Data Management in DIVA¶
This document describes the process of handling data for the DIVA chatbot, such as downloading and processing climate and geographical data.
Setting up the python environment¶
Before starting, ensure that the required Python environment is prepared according to the instructions found in the “How to Use DIVA” documentation.

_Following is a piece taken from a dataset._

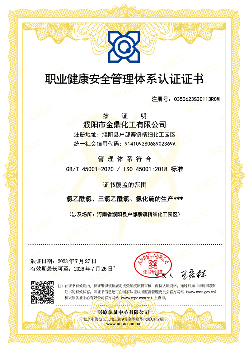 濮陽市金鼎化工有限公司所屬其他基礎化學原料制造,公司主要產品規模為:10000噸/年氯乙酰氯、10000噸/年氯乙酸、5000噸/年氯化硫、6000噸/年氯甲醚、5000噸/年三氯乙酰氯、7000噸/年氯乙酸甲酯、3000噸/年二氯乙酸甲酯,副產鹽酸13000噸/年。產品廣泛應用于醫藥、農藥、染料、膠劑等行業。
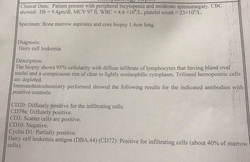 Result of bone marrow biopsy of pt 35 years old and history beginning 2 months ago as mentioned in previous post

Install the necessary libraries by adding the following imports to your Python script:
import xarray as xr
import os
import geopandas as gpd
import pandas as pd
Downloading climate data from SesameO¶
ERA5 data are accessed through the Sesameo platform, which provides a unified interface to explore and retrieve datasets available in the DestinE Data Lake.
Sesameo allows users to:
Browse datasets from Copernicus and Destination Earth
Filter by variables, time range, and geographic region
Access data via web download or API endpoints
To access the ERA5 collection:
Open the ERA5 dataset page on Sesameo: https://sesameo.destine.eu/collections/reanalysis-era5-single-levels
Log in with your Destine credentials
In the dataset interface, you can explore the metadata and available variables
Use the search and filter panel to define the subset of data you need: variables, temporal range, spatial region
After selecting the dataset, SesameO provides different access methods:
Direct Download
API access
Downloading climate data from “Cache B”¶
(!) Access to this data is conditioned to special access authorization. Please refer to DestinE’s data policy for more details: https://destine-data-lake-docs.data.destination-earth.eu/en/latest/dedl-discovery-and-data-access/DestinE-Data-Policy-for-DestinE-Digital-Twin-Outputs/DestinE-Data-Policy-for-DestinE-Digital-Twin-Outputs.html
The climate data is stored in “Cache B” as NetCDF files and can be read using the xarray library in Python. Below is an example of available collections in Cache B:
cache_b_collections = [
"https://cacheb.dcms.destine.eu/era5/reanalysis-era5-land-no-antartica-v0.zarr",
"https://cacheb.dcms.destine.eu/era5/reanalysis-era5-single-levels-v0.zarr",
"https://cacheb.dcms.destine.eu/d1-climate-dt/ScenarioMIP-SSP3-7.0-IFS-NEMO-0001-high-sfc-v0.zarr",
"https://cacheb.dcms.destine.eu/d1-climate-dt/ScenarioMIP-SSP3-7.0-IFS-NEMO-0001-high-o2d-v0.zarr",
"https://cacheb.dcms.destine.eu/d1-climate-dt/ScenarioMIP-SSP3-7.0-IFS-NEMO-0001-high-pl-v0.zarr",
"https://cacheb.dcms.destine.eu/d1-climate-dt/ScenarioMIP-SSP3-7.0-ICON-0001-high-sfc-v0.zarr",
]
You can load a collection using xarray as follows:
da = xr.open_dataset(
cache_b_collections[0],
engine='zarr',
storage_options={"client_kwargs": {"trust_env": "true"}},
chunks={}
)
Once the dataset is loaded, you can select specific variables of interest. For example:
da = da[['tp']] # Selecting the variable 'tp' (total precipitation)
Viewing and Saving Data Locally
At this stage, the data is not downloaded but simply “viewed.” To save the data locally, you can use the following method:
path_export = "/path/to/netcdf_file.nc"
data.to_netcdf(path_export)
The saved NetCDF file can be easily reopened later:
data = xr.open_dataset(path_export)
Downloading shapefiles for geographical zones¶
Shapefiles are used to define geographical zones (e.g., cities, countries). While shapefiles can be sourced from various platforms online, for this project, we use Eurostat’s resources: Eurostat GISCO
Once downloaded, the shapefiles can be loaded into Python using the geopandas library:
shapefile = gpd.read_file(path_data)
The loaded shapefile is similar to a pandas DataFrame, allowing you to perform standard operations for data processing.